# Radio Mozart



## Kieran (Aug 24, 2010)

I don't know if this is the correct place to put this, but I wish to introduce fellow members to a little gem of a radio station, dedicated to the one and only...Mozart!

Enjoy... :tiphat:


----------



## Zhdanov (Feb 16, 2016)

Mozart TV - next.


----------



## Kieran (Aug 24, 2010)

Zhdanov said:


> Mozart TV - next.


Mozart chocolates and crisps too! :lol:


----------



## KenOC (Mar 7, 2011)

Bloodsucking Zombie Mozart: "After revenge on Salieri, his thirst became limitless!"

Thursdays at eight o'clock.


----------



## poconoron (Oct 26, 2011)

And here are a couple of others:

http://klassikradiopuremozart.radio.net/

http://www.radiomozart.net/Pages/default.aspx


----------



## hpowders (Dec 23, 2013)

Very nice. They are asking me for a donation.

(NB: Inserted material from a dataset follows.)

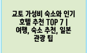 교토 가성비 숙소와 인기 호텔 추천 TOP 7 | 여행, 숙소 추천, 일본 관광 팁 교토는 일본의 전통과 현대가 조화를 이루는 도시로, 많은 여행자들에게 사랑받고 있습니다. 하지만 예산을 고려할 때, …

I would gladly pay them Tuesday for some Mozart today.


----------



## Kevin Pearson (Aug 14, 2009)

I like Mozart but not all Mozart all the time! 

Kevin


----------



## Pugg (Aug 8, 2014)

Kieran said:


> I don't know if this is the correct place to put this, but I wish to introduce fellow members to a little gem of a radio station, dedicated to the one and only...Mozart!
> 
> Enjoy... :tiphat:


As much as I love Mozart, this is to much for me


----------



## Kieran (Aug 24, 2010)

Pugg said:


> As much as I love Mozart, this is to much for me


Too many notes? :devil: :lol:


----------